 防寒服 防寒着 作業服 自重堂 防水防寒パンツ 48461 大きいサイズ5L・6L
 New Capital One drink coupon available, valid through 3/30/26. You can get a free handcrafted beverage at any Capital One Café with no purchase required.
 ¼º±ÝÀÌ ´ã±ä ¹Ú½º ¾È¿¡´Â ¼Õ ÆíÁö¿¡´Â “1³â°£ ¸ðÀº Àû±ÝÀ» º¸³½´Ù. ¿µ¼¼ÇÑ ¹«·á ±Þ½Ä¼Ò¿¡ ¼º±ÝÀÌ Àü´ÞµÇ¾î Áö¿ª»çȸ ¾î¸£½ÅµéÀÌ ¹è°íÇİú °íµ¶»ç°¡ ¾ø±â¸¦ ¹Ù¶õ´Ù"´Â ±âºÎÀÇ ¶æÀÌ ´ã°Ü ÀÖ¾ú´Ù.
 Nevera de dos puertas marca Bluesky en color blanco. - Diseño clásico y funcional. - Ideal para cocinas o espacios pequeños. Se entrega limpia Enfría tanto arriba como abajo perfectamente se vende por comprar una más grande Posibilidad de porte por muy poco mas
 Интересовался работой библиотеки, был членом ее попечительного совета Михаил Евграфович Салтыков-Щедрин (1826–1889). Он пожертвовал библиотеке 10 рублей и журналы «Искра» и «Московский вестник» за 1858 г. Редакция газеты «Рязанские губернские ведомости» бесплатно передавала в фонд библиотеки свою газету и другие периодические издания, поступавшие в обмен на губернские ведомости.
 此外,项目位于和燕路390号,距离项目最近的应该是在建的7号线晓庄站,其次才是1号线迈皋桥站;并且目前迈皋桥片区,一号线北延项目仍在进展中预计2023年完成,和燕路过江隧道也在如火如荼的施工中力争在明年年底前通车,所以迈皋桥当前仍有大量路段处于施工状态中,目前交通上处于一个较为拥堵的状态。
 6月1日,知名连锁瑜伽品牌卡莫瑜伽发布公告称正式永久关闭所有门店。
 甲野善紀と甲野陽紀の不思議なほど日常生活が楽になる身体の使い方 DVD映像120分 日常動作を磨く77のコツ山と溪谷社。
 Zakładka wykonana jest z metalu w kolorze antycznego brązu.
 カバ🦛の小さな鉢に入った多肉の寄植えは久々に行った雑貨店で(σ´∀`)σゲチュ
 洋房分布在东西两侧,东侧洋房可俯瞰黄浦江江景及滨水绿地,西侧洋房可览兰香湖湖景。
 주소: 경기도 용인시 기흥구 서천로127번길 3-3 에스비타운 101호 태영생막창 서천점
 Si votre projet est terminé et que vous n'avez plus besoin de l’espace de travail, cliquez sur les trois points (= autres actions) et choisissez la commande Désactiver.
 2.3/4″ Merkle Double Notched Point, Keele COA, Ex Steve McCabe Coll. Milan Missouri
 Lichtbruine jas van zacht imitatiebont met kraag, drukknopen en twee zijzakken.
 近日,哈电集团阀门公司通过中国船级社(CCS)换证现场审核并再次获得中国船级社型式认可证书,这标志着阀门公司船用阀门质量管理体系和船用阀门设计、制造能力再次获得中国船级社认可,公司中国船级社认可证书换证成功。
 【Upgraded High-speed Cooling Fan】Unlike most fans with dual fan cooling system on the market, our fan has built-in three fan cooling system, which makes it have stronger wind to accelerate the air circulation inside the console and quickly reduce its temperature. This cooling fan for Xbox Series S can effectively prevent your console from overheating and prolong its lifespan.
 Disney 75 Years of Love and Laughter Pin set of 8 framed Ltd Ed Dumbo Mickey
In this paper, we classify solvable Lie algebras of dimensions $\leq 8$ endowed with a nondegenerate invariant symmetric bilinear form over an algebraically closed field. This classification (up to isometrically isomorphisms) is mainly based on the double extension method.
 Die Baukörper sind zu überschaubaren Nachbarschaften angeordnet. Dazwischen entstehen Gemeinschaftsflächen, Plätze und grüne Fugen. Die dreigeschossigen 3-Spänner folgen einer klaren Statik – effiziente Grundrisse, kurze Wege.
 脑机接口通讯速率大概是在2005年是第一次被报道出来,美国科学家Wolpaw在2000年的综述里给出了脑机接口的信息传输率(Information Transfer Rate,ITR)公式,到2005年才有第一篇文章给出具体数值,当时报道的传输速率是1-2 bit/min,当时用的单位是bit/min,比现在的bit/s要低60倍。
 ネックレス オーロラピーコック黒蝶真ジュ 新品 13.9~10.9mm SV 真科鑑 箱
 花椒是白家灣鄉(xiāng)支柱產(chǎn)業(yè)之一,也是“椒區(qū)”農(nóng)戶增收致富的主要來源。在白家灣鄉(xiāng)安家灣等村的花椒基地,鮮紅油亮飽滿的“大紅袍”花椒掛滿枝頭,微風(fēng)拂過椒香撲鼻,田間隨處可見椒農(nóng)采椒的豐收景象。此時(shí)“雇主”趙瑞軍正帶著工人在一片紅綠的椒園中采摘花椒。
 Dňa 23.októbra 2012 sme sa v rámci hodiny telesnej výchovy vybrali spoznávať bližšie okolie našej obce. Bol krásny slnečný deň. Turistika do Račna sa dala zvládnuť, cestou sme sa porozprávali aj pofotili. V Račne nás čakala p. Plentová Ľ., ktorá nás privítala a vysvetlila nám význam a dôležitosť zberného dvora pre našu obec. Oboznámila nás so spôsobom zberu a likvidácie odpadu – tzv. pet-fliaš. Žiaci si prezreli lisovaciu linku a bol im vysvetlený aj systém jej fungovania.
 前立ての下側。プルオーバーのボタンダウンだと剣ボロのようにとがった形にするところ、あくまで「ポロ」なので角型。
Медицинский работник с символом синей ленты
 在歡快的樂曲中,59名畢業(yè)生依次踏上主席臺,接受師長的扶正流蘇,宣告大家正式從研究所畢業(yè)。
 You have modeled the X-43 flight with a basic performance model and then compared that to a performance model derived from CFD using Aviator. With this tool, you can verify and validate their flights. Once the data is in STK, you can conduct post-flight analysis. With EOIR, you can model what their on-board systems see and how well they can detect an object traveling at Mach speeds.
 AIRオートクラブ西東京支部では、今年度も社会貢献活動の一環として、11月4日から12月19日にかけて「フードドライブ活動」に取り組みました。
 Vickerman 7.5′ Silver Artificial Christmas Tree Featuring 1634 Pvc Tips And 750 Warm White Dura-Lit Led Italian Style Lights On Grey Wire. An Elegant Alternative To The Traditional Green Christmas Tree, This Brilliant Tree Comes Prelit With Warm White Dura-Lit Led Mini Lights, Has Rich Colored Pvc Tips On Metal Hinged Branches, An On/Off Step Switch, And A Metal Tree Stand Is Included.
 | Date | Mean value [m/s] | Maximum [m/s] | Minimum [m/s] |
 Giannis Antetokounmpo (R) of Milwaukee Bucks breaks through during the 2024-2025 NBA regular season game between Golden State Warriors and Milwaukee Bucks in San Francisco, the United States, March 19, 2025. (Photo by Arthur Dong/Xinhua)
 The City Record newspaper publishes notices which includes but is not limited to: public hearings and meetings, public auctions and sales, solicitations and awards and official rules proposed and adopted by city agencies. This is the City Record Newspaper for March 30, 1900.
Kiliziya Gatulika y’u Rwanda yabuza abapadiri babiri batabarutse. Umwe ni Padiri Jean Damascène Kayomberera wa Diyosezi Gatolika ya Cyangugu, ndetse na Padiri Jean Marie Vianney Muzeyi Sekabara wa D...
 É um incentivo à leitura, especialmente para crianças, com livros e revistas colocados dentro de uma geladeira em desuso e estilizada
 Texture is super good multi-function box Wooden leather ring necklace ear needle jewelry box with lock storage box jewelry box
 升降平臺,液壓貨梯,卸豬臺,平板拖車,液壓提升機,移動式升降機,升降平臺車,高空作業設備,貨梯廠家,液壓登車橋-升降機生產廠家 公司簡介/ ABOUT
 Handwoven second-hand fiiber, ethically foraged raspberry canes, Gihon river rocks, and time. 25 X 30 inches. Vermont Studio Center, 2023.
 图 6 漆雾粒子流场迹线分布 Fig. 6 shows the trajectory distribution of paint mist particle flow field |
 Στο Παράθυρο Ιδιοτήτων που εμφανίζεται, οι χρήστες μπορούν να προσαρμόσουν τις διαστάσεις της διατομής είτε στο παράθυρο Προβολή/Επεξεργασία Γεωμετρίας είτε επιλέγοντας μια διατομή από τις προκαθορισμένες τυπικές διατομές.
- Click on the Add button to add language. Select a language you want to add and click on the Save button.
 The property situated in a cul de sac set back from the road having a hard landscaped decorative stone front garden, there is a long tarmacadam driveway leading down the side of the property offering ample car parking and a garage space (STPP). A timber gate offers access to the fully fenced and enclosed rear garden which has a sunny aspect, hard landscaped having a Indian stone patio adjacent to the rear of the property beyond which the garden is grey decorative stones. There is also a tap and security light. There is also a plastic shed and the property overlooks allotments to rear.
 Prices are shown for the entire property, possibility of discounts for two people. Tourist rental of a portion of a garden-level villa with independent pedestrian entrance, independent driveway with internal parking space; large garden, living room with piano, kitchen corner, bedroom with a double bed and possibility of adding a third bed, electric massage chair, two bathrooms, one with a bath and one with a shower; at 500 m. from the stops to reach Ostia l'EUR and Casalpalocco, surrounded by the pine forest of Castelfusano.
-*-
### WORK INSTRUCTION
Using the entries above, give back exactly the line containing "图 6 漆雾粒子流场迹线分布", the line containing "- Click on the", and every line between them, and nothing else.

### OUTPUT OF THE TASK
 图 6 漆雾粒子流场迹线分布 Fig. 6 shows the trajectory distribution of paint mist particle flow field |
 Στο Παράθυρο Ιδιοτήτων που εμφανίζεται, οι χρήστες μπορούν να προσαρμόσουν τις διαστάσεις της διατομής είτε στο παράθυρο Προβολή/Επεξεργασία Γεωμετρίας είτε επιλέγοντας μια διατομή από τις προκαθορισμένες τυπικές διατομές.
- Click on the Add button to add language. Select a language you want to add and click on the Save button.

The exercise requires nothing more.